For a living, she took photos of perfect people.
More rumors about Virginia Dentatia appear in the chat rooms.
None is good.
The famous photographer understanding, conceivably, that freaks are just like us, only more so.
At noon you take out two paper-wrapped salmon steaks, lay them on an earthenware plate, and set the plate on the counter top.
Now you wander the house, eating an apple for lunch, impressed the phone has not rung once today.
One of the things I felt I suffered from as a kid, Diane Arbus once said, was that I never felt adversity. And the sense of being immune was, ludicrous as it seems, a painful one.
The people with your new riding mower in the back of their rig drive up almost the same minute as the people with your new refrigerator in the back of theirs.
You answer the door, still in your white terry cloth robe, and show them where the machines should go.
As they are unloading, the water-heater man drives up in a dusty flat-gray van unmarked except for a bumper sticker on the front that says, red letters on white, FIGHT CRIME: SHOOT BACK.
An hour later, and they are all gone.
An hour later, and you throw all the dirty clothes you can find into the washer and initiate a cycle, then meander back to your office where you work until three, when you decide to putter in the garden.

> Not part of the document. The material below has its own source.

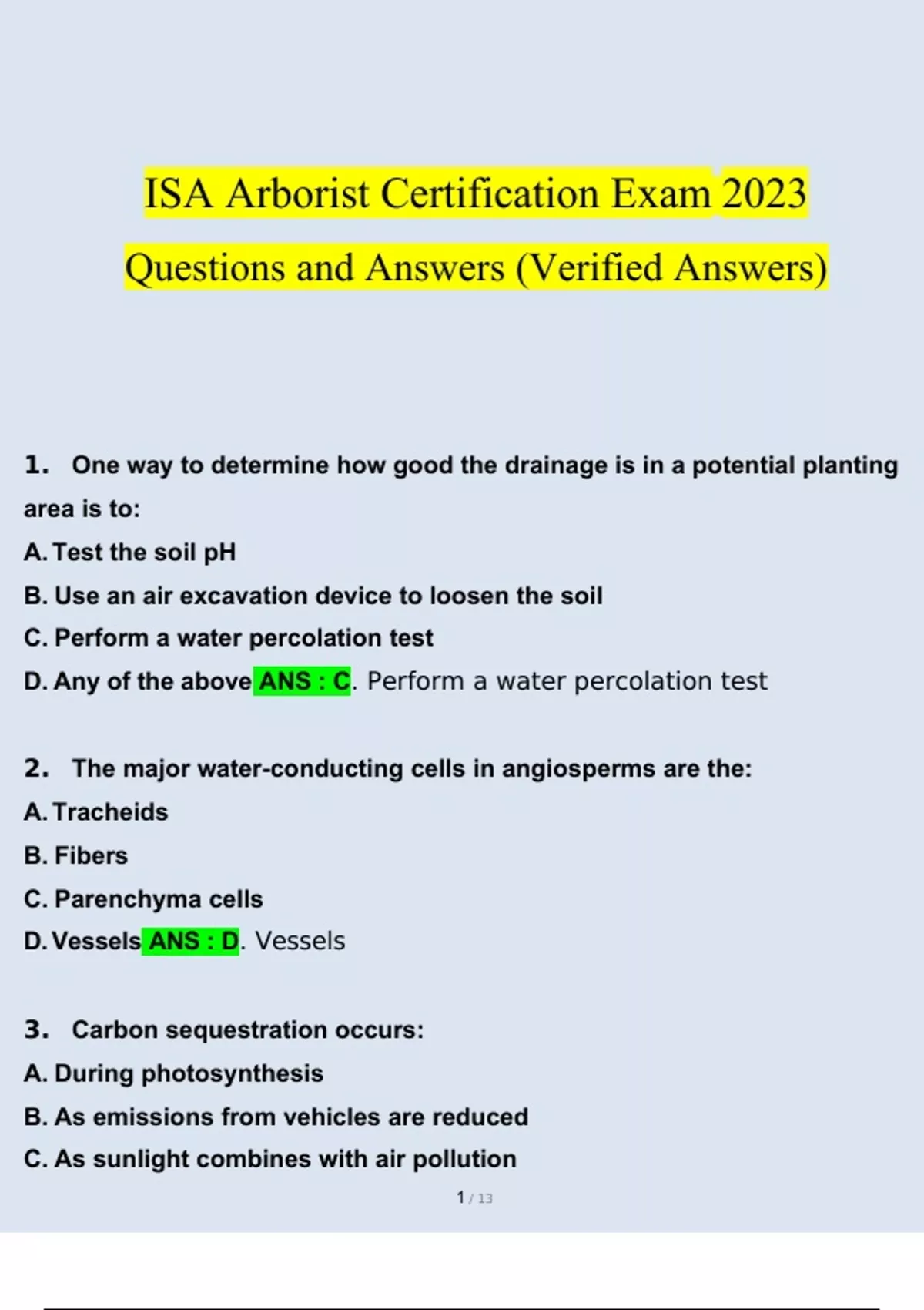 ISA Arborist Certification Exam 2023 Questions and Answers (Verified Answers) ISA Arborist Certification Exam 2023 Questions and Answers (Verified Answers)

So you change into a pair of torn jeans, white t-shirt, faded black-and-white Keds, and bandana, and step through the back door into a cool dry summer day.
Thinning lettuce sprouts and weeding around the baby potato plants suffuses your head with gauzy pleasure.
No water.
No ocean anywhere.
A photograph is a secret about a secret, Diane Arbus once said.
You watch your right thumb and middle finger pincer and pluck, freeing pale thready roots with which you fashion diminutive heaps, and your mind starts sweeping leisurely across web site ideas to an image of Andi on the day you first met her almost seventeen years ago, raising her camera to do a shoot for a story on your company (then a graphic design firm), and now someone is talking to you.